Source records
-- -- --
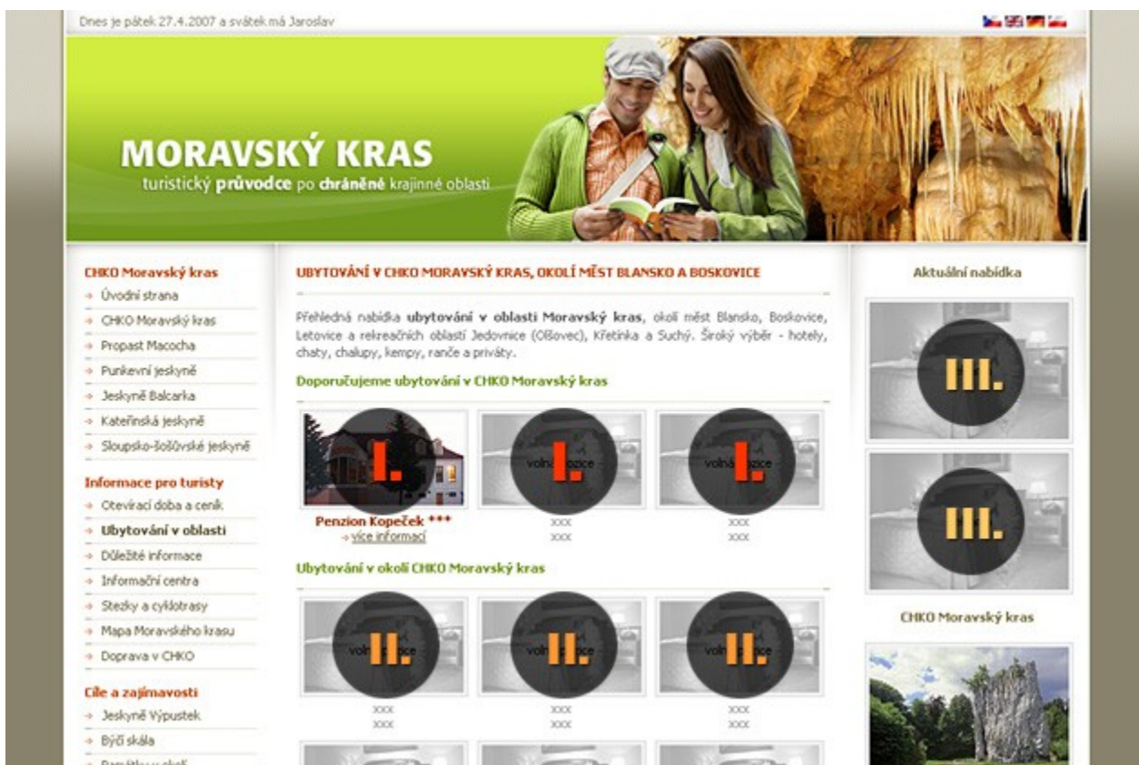
strana ubytování – reklama I., II.
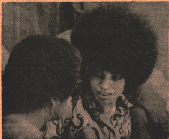
Angela Davis conversa con su abogado.
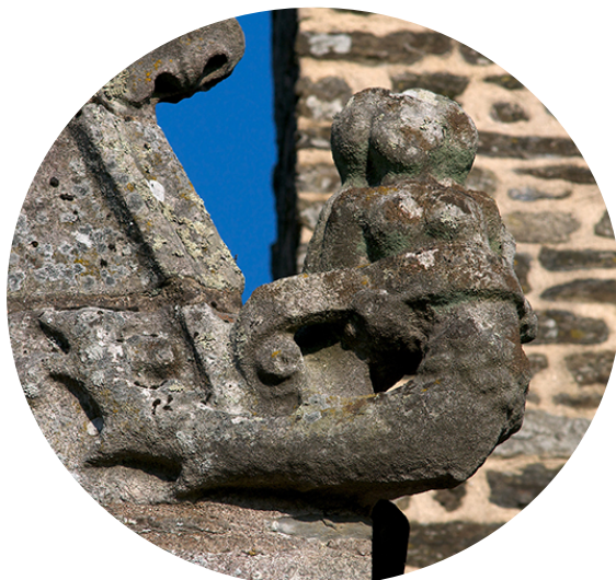
La Fée Mélusine sculptée sur une lucarne du château des Rohan à Pontivy.

Retrouvez le compte-rendu de la conférence sur notre site Internet.
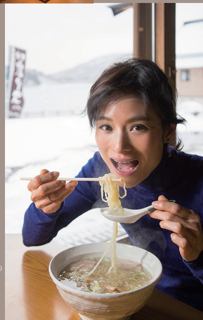
看板メニューの「会津山塩ラーメン」。飲み干せるほど優しくおいしいスープ。

「会津山塩」を使用した塩らあめんが提供され、人気を博しています。日の光にさらさら輝くほど透明なスープは、濃厚なうまみを感じながらもあっさりとしたあどくちで、気が付けば最後の一滴まで飲み干してしまうほどです。
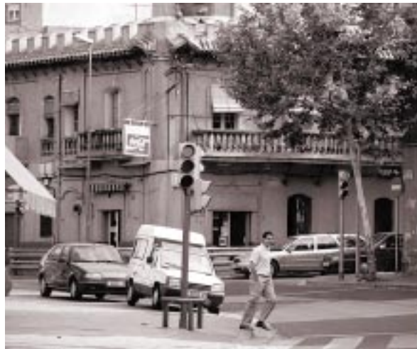
La campaña de obras va acompañada de sanciones a quienes deterioren la vía pública.

Con el mismo fin de mejorar la vía pública, la inspección municipal lleva a cabo de forma paralela una
-- -- --
__TASK TO COMPLETE__: Return the data word for word without its pictures.

__YOUR RESPONSE__:
strana ubytování – reklama I., II.
Angela Davis conversa con su abogado.
La Fée Mélusine sculptée sur une lucarne du château des Rohan à Pontivy.

Retrouvez le compte-rendu de la conférence sur notre site Internet.
看板メニューの「会津山塩ラーメン」。飲み干せるほど優しくおいしいスープ。

「会津山塩」を使用した塩らあめんが提供され、人気を博しています。日の光にさらさら輝くほど透明なスープは、濃厚なうまみを感じながらもあっさりとしたあどくちで、気が付けば最後の一滴まで飲み干してしまうほどです。
La campaña de obras va acompañada de sanciones a quienes deterioren la vía pública.

Con el mismo fin de mejorar la vía pública, la inspección municipal lleva a cabo de forma paralela una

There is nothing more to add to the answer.